In deze zaak heeft het College van Beroep voor het bedrijfsleven op 15 maart 2022 uitspraak gedaan in het geschil tussen een appellant, die een eenmanszaak had ingeschreven onder de naam [naam 2], en de Kamer van Koophandel als verweerster. De zaak betreft de ambtshalve uitschrijving van de eenmanszaak uit het handelsregister, die door de Kamer van Koophandel was uitgevoerd op 24 februari 2021. De uitschrijving volgde op een melding van de Basisregistratie Personen, waarbij het adres van de eenmanszaak was gewijzigd, maar de post op dat adres onbestelbaar retour kwam.
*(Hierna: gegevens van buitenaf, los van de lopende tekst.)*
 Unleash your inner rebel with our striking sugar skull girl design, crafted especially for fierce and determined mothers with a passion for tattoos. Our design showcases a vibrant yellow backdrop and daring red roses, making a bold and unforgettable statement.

De appellant heeft tegen deze beslissing bezwaar gemaakt, maar dit bezwaar werd ongegrond verklaard door de Kamer van Koophandel.
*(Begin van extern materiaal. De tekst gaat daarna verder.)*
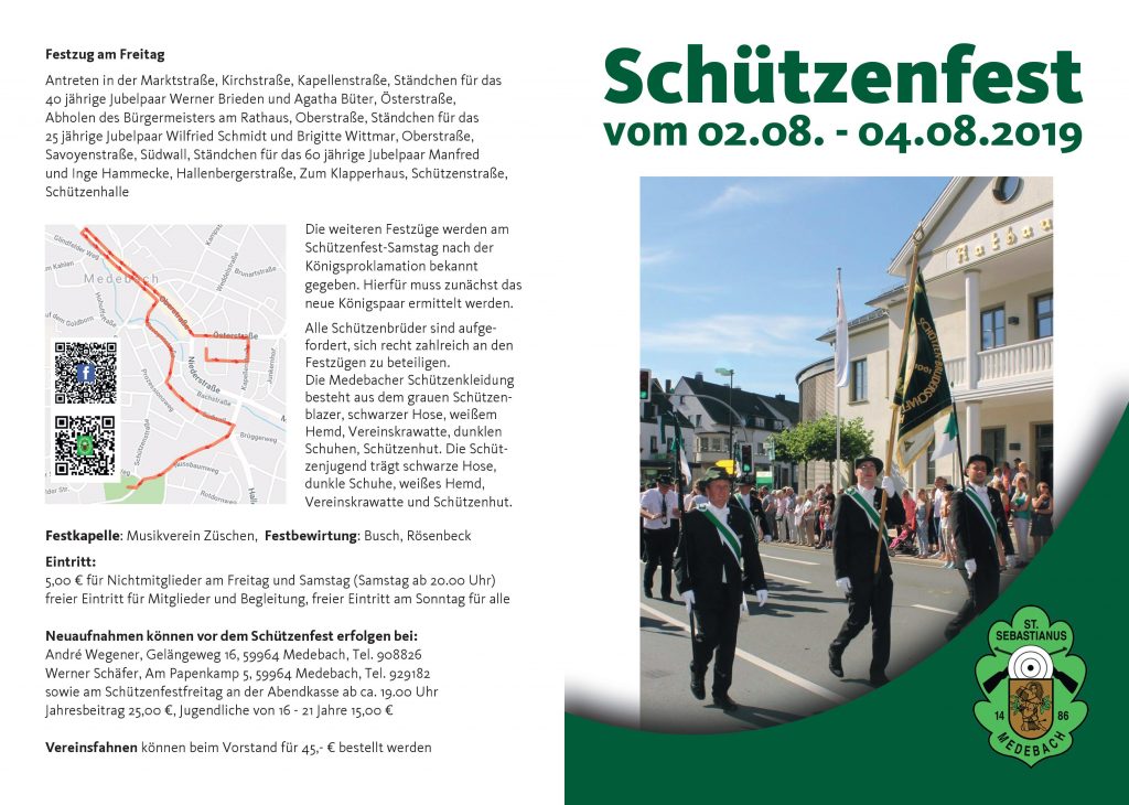Vom 02.08.-04.08.2019 feiern wir wieder unser traditionelles Schützenfest. Wir hoffen, dass wir in diesem Jahr wieder mit euch harmonische Stunden verbringen können und laden recht herzlich dazu ein.
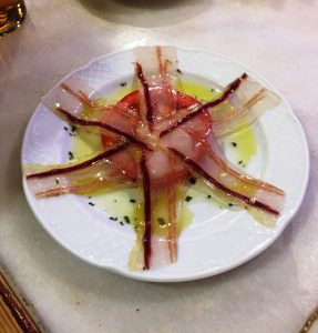 Pero no hay lugar para la añoranza. Otro clásico nos esperaba. Intentamos entrar en un local del que guardamos un gran recuerdo, La Candela, pero fue imposible. Estaba a rebosar. Así que nos encaminamos a Casa Lazo, una referencia en el centro que nosotros aún no conocíamos. Y la verdad, fue un acierto. El local estaba muy ambientado y, tras hacernos un hueco en la barra, disfrutamos de un magnífico tataki de tarantelo de atún. Quizás le sobraba un poco de salsa de soja, pero el pescado era una delicia.
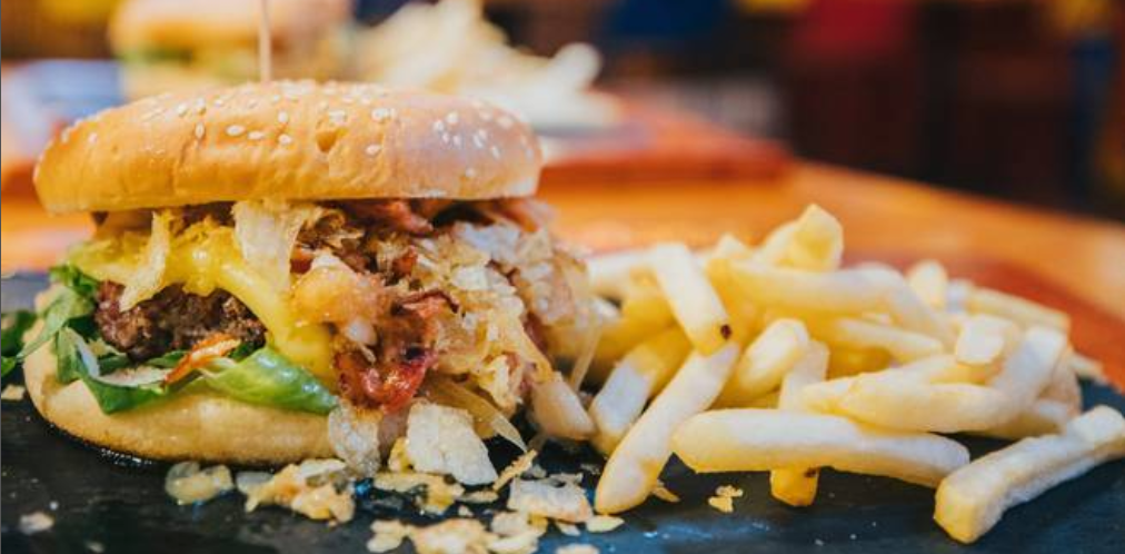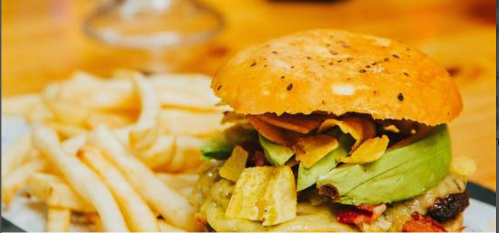 1/4 lb de Torta de carne, lechuga, queso mozzarella, tocino, guacamole, cebolla morada, papas tostadas.
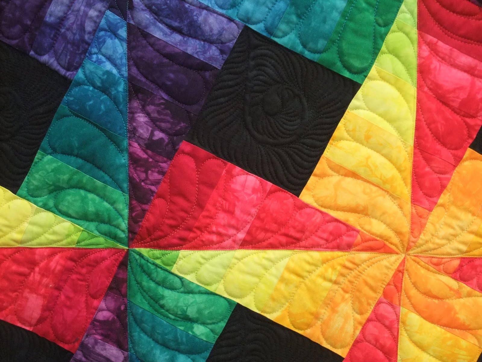 Everywhere I have black fabric there was supposed to be a raspberry fabric. I only had the correct amout of that so I couldn’t use it (it is in the binding of the quilt). I thought balck would make the colours really pop and I had a lovely batik that would suit the hand dyed fabrics. The internal sashing bars are about twice as wide as they should have been, as is the narrow black border. The quilt should have ended there. Fortunately there were enough scraps of the bright fabrics to make another narrow border, then I was able to add another wide black one. I think the coloured strip stops the quilt looking too much like it has been extended. Without it the outer border would have been huge.

Tijdens de zitting op 27 januari 2022 heeft de appellant aangevoerd dat hij een nieuw vestigingsadres had verkregen, maar het College oordeelde dat hij niet kon aantonen dat er een geldig adres was voor de inschrijving van de eenmanszaak. Het College heeft vastgesteld dat de appellant geen ander adres had waar de eenmanszaak kon worden ingeschreven, en dat de uitschrijving derhalve terecht was. De appellant voerde ook aan dat de uitschrijving in strijd was met de vrijheid van ondernemerschap zoals vastgelegd in artikel 16 van het Handvest van de grondrechten van de Europese Unie, maar het College oordeelde dat het Handvest in deze zaak niet van toepassing was.
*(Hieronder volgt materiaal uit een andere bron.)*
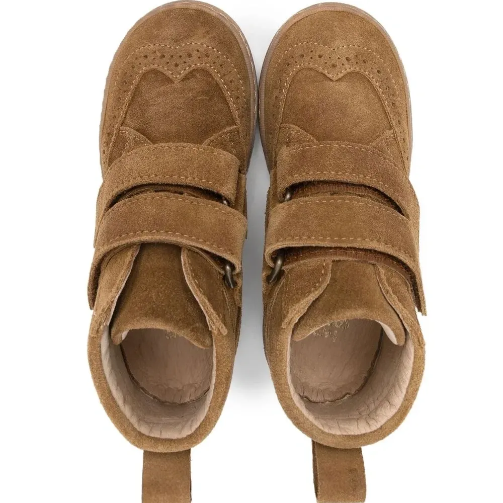 Расцветка Tobacco Brown, замша из телячьей кожи, телячья кожа, перфорация, браслет в два оборота, застежка на липучке спереди, петля для подтягивания сзади, закругленный носок, плоская резиновая подошва и высота по щиколотку.
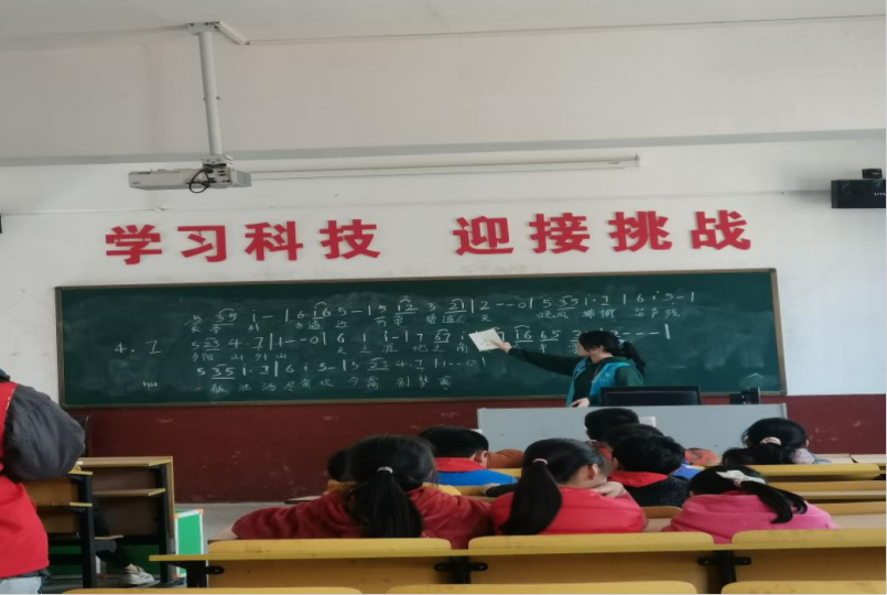 教室里跳动的音符、欢快的节拍和同学们的欢声笑语交织成了一条条美妙的旋律,为这个春天增添了一抹亮色。同学们的眼睛好似一颗颗闪亮的星星,可爱又迷人。她们将美妙的歌声传向远方,用音乐传递了爱与善良。
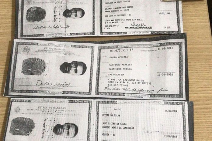 A polícia identificou pelo menos cinco identidades falsas no nome de Reinaldo. Todas tinham a foto dele, mas nomes e locais de nascimento diferentes, de municípios do interior de Alagoas e também do interior da Bahia.
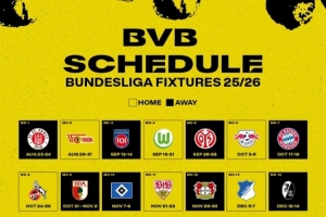 多特蒙德25/26賽季德甲比賽賽程如下(輪次,對手,主客場,日期):
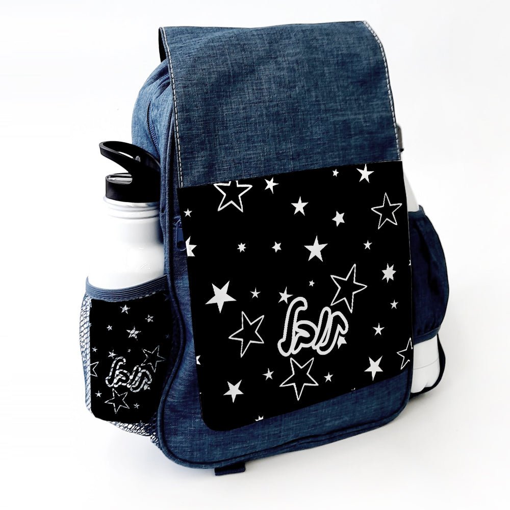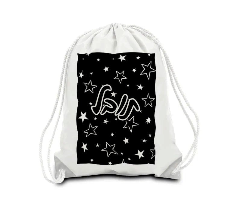 סט מוצרים עם שם הילד/ה בעיצוב כוכבים שחור לבן
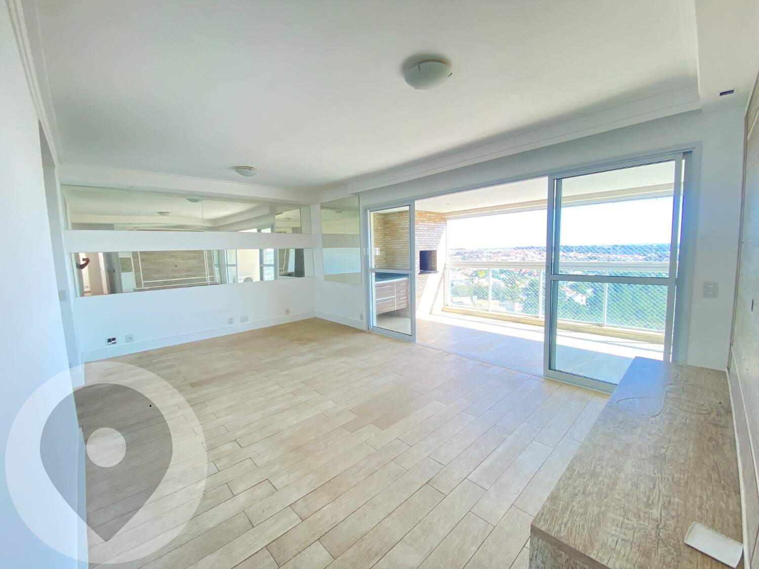 Varanda gourmet integrada à sala e cozinha
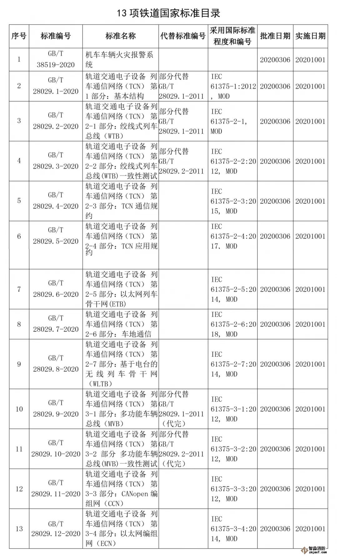 《機(jī)車(chē)車(chē)輛火災(zāi)報(bào)警系統(tǒng)》等13項(xiàng)鐵道國(guó)家標(biāo)準(zhǔn)正式頒布
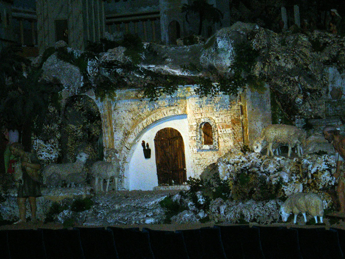 La cueva o construcción donde se encuentra la sagrada familia, no aparece al principio del visionado al estar tapada por una pared de “una casa”. En el momento conveniente esta pared “desaparece” y se enciende el Nacimiento en todo su esplendor. Ver el Nacimiento de Mayo, bien conocido en:
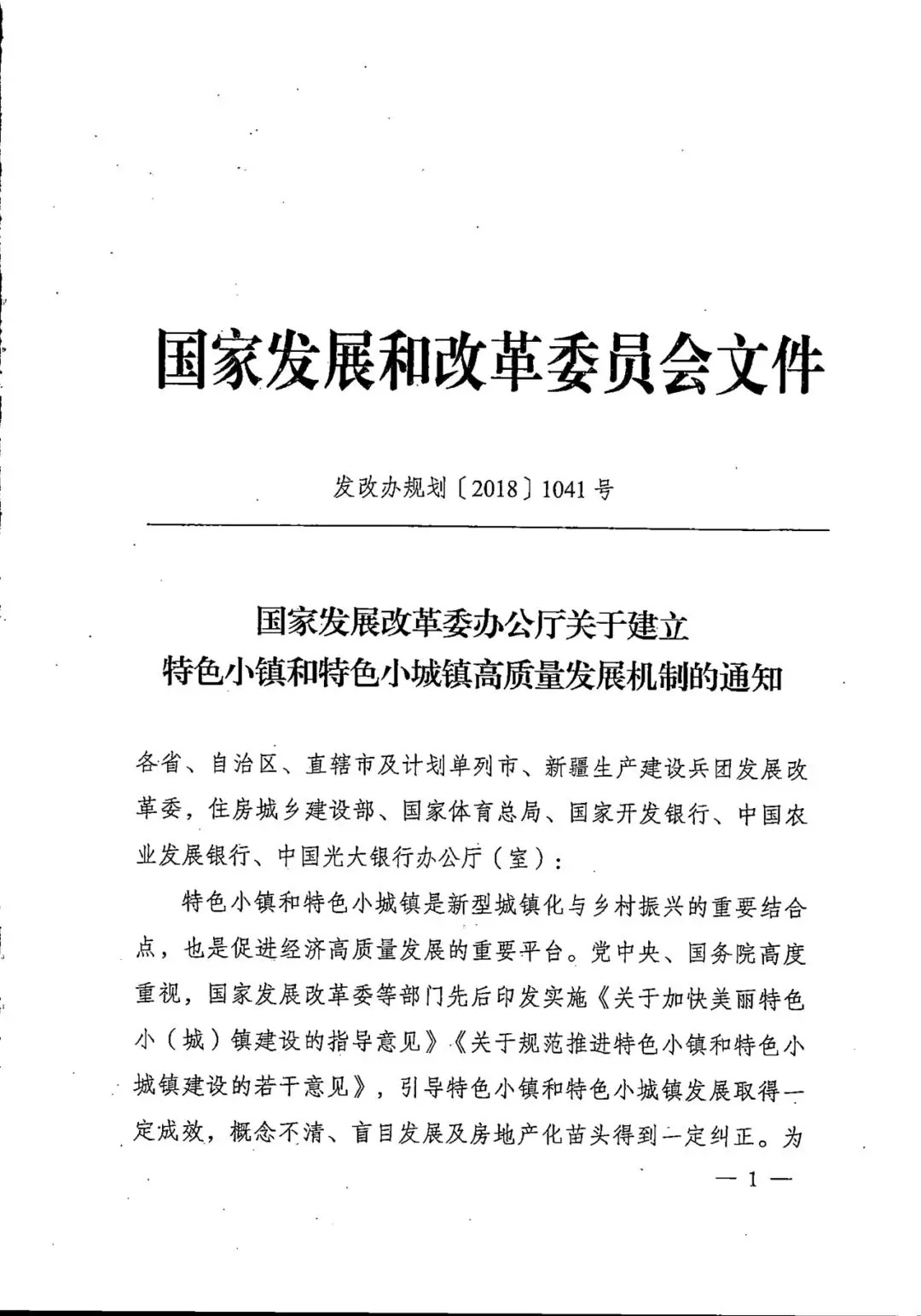 日前,国家发展和改革委员会发布《国家发展改革委办公室关于建立特色小镇和特色小城镇高质量发展机制的通知》(发改办规划〔2018〕1041号)文件,提出逐年淘汰不合格特色小镇,并搭建政银对接服务平台,引导金融机构为符合要求的小镇提供长周期低成本融资服务。

Daarnaast heeft de appellant schadevergoeding geëist voor de materiële en immateriële schade die hij zou hebben geleden door de uitschrijving, maar het College wees dit verzoek af, omdat de uitschrijving rechtmatig was. Uiteindelijk verklaarde het College het beroep ongegrond en wees het verzoek om schadevergoeding af, zonder aanleiding te zien voor een proceskostenveroordeling.